[Records from a dataset]
....

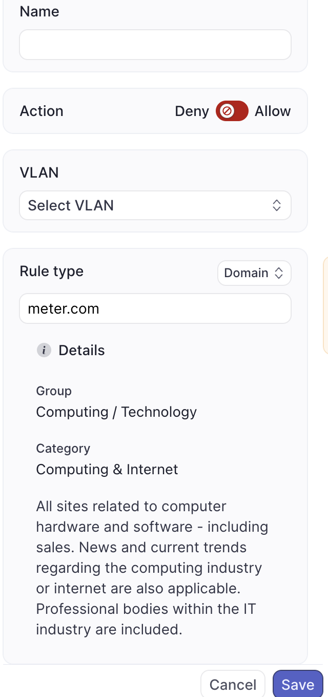 In certain cases, domains or applications may be miscategorized and denied when that is not the intent. If you come across one of these, please report it to Meter support so we can work on correcting the categorization.
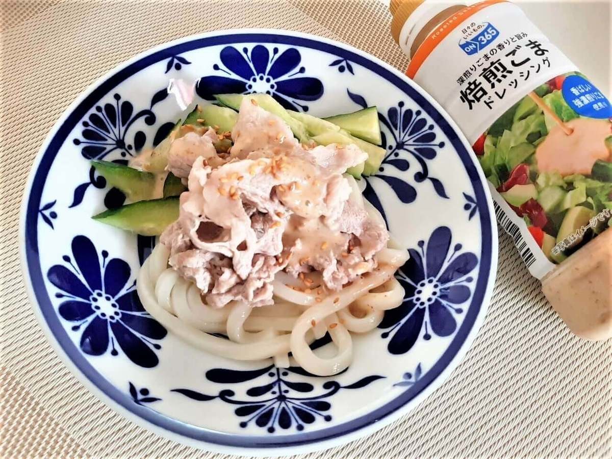 冷しゃぶにももちろんごまドレはぴったり。冷やしうどんに豚肉をのせて、上からかけるだけなのでとっても簡単にできちゃいます。
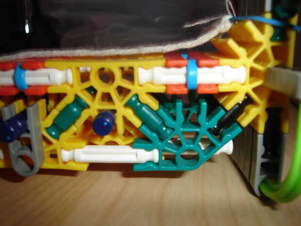 esta es el arma más poderosa de K'NEX creo que porque puede perforar 2 cerveza o COLA puede y destruir disco compacto fácilmente debido a la muy fuerte 4 gomas (yo uso 2 ligas diferentes) también incluye una gran revista para 5 K'NEX largo gris afila
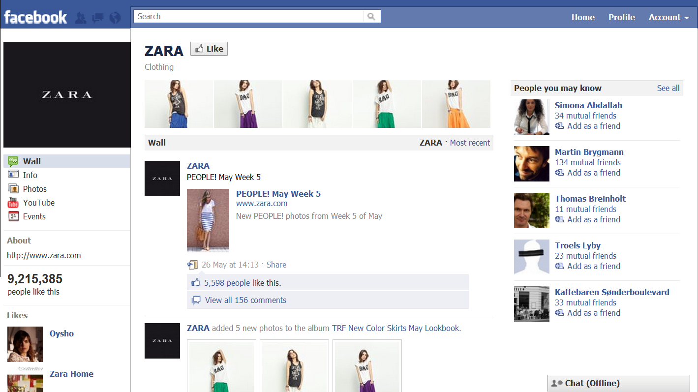 On this screenshot you can see how Zara is keeping their Facebook page very simple with a collection of photos. It’s a no nonsense approach that works very well. At least almost 10 million people (at the time of writing) think so!
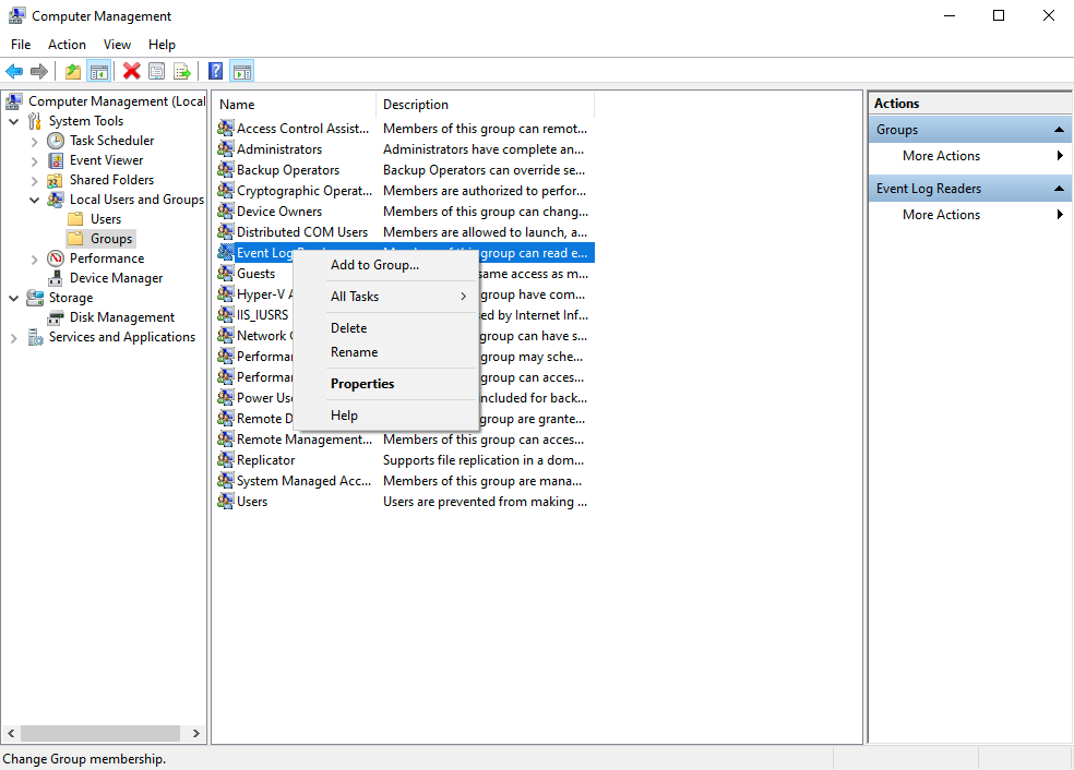 5. Click on Add to Group.... The Event Log Readers Properties dialog box appears.
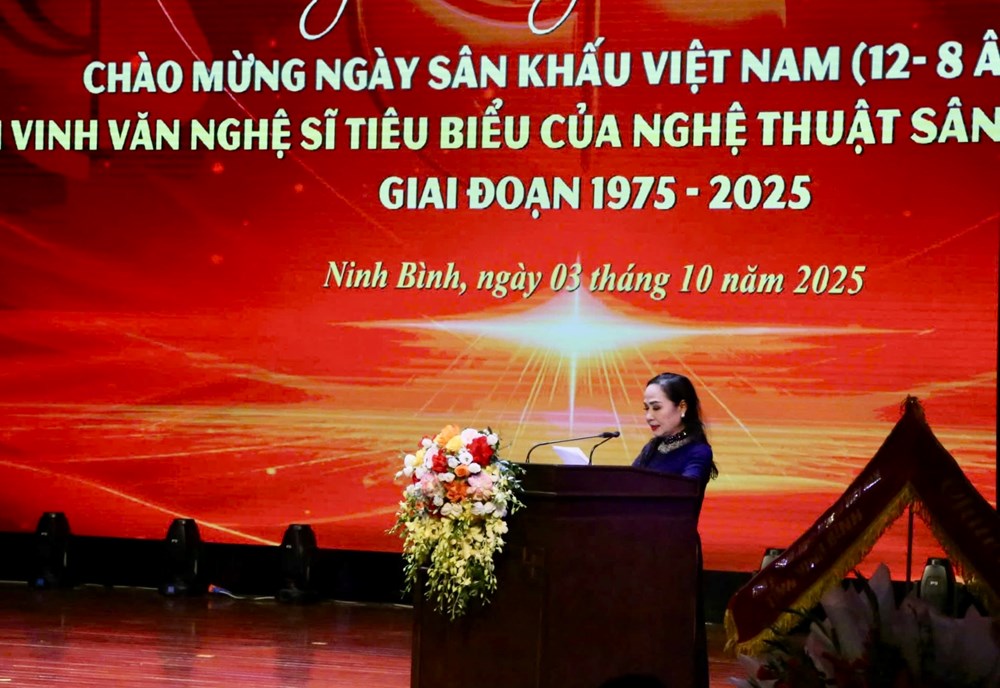 Tối 3.10, tại Nhà hát Phạm Thị Trân, tỉnh Ninh Bình, Hội Nghệ sĩ Sân khấu Việt Nam phối hợp với UBND tỉnh Ninh Bình tổ chức Chương trình nghệ thuật đặc biệt chào mừng Ngày Sân khấu Việt Nam và tôn vinh văn nghệ sĩ tiêu biểu của nghệ thuật sân khấu giai đoạn 1975-2025.

....

* **Work instructions**: Reproduce exactly, with nothing added, the lines from the line with "On this screenshot" through the end of the entries above; pictures are to be left out.

* **Exercise result**:
 On this screenshot you can see how Zara is keeping their Facebook page very simple with a collection of photos. It’s a no nonsense approach that works very well. At least almost 10 million people (at the time of writing) think so!
 5. Click on Add to Group.... The Event Log Readers Properties dialog box appears.
 Tối 3.10, tại Nhà hát Phạm Thị Trân, tỉnh Ninh Bình, Hội Nghệ sĩ Sân khấu Việt Nam phối hợp với UBND tỉnh Ninh Bình tổ chức Chương trình nghệ thuật đặc biệt chào mừng Ngày Sân khấu Việt Nam và tôn vinh văn nghệ sĩ tiêu biểu của nghệ thuật sân khấu giai đoạn 1975-2025.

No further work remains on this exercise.